Bangladesh's new prime minister, Sheikh Hasina, has accused officials of the country's anti-corruption commission of abusing their powers.

During the rule of the previous government, the commission was responsible for jailing more than 150 leading politicians.

But most charges, including those against Sheikh Hasina, have been dropped, and the politicians released.

The prime minister says that the organisation should be reconstituted.

Bangladesh's last military-backed government pledged to do all it could to rid the country of corruption before organising elections in December.

Most Bangladeshis couldn't believe what they were seeing when the anti-corruption mission, headed by an energetic former army chief, arrested politician after politician.

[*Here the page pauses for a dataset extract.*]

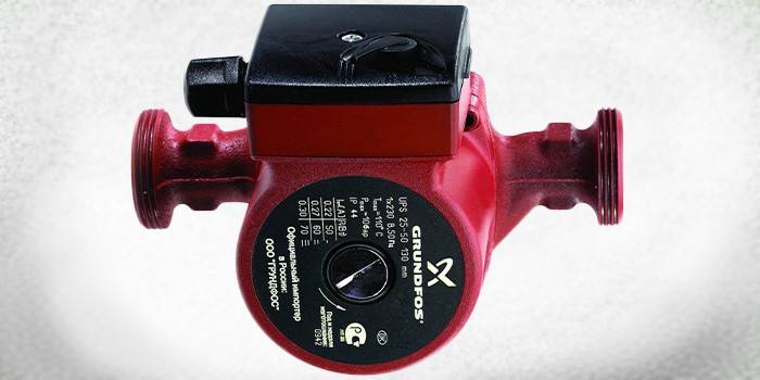 Désignation de la pompe Grundfos UPS 25-40 ou Compass 25-40 signifie que le diamètre nominal de ses tuyaux de dérivation est de 25 mm, ce qui signifie que le filetage de raccordement est de 1 pouce, cette pompe est capable de développer une hauteur manométrique allant jusqu'à 4 mètres (40 décimètres).

Some of the evidence against them was compelling, but not all of it, and when Bangladesh's two party leaders, and former prime ministers, Sheikh Hasina and Khaleda Zia were jailed, many people started to believe that the army was using the drive against corruption to cement its position in power.

In the end, it backed down and most detainees were released to stand in the elections.

Accountability

Sheikh Hasina has now said the commission should be reconstituted so that its activities become transparent and accountable.

She accused it of harassing innocent people and forcing them to make false allegations. She also told parliament that some detainees had been released after paying bribes to anti-corruption officials.

Their chief, Hasan Masood Chowdhury has not commented directly on Sheikh Hasina's comments but he did say that the commission was not guilty of political manipulation and had always just been doing its job.

The prime minister doesn't actually have the power to reform the organisation but some see this as an attempt to get Hasan Masood Chowdhury and his key aides to resign.